Humidificá tus Ambientes
Para contrarrestar el efecto de la calefacción, considerá usar un humidificador en tu hogar u oficina, especialmente en el dormitorio por la noche.
- Tip: También podés colocar recipientes con agua cerca de los radiadores para aumentar la humedad ambiental.
Cuidado especial para labios y manos
Estas zonas son especialmente vulnerables a la sequedad y el agrietamiento.
- Bálsamos Labiales: Aplicá un bálsamo labial nutritivo y con FPS varias veces al día.
- Crema de Manos: Llevá siempre una crema de manos en tu bolso y reaplicala después de lavarlas. Optá por fórmulas ricas que creen una barrera protectora.
Alimentación e hidratación interna
La piel también se nutre desde adentro.
- Agua: No dejes de beber suficiente agua a lo largo del día, incluso si no sentís tanta sed. Las infusiones calientes también cuentan.
- Alimentos Ricos en Omega-3: Incluí pescados grasos (salmón, sardinas), frutos secos (nueces) y semillas (chía, lino) en tu dieta.
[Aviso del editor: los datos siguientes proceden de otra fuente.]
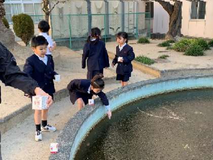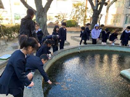 1月10日(金)、気温が下がって寒い日を迎えました。冷たい気温に、九条北小学校の中庭にある池にも氷がはっていました。登校してきた児童たちは、早速、池の氷を見つけて見に行っていました。「先生、池の氷が凍ていいるよ!早く見た方がいいよ!」と教えてくれました。

Estos ácidos grasos esenciales contribuyen a mantener la piel hidratada y flexible.
- Vitaminas y Antioxidantes: Consumí frutas y verduras de estación, ricas en vitaminas A, C y E, que combaten los radicales libres y favorecen la regeneración celular.
El invierno puede ser una estación desafiante para nuestra piel, pero no tiene por qué ser sinónimo de sequedad y malestar. Al incorporar estos consejos a tu rutina diaria, vas a fortalecer la barrera cutánea, mantener la piel hidratada y protegida, y disfrutar de un cutis suave, confortable y luminoso, sin importar cuán bajas estén las temperaturas. ¿Qué cambios vas a empezar a implementar en tu rutina de skincare este invierno?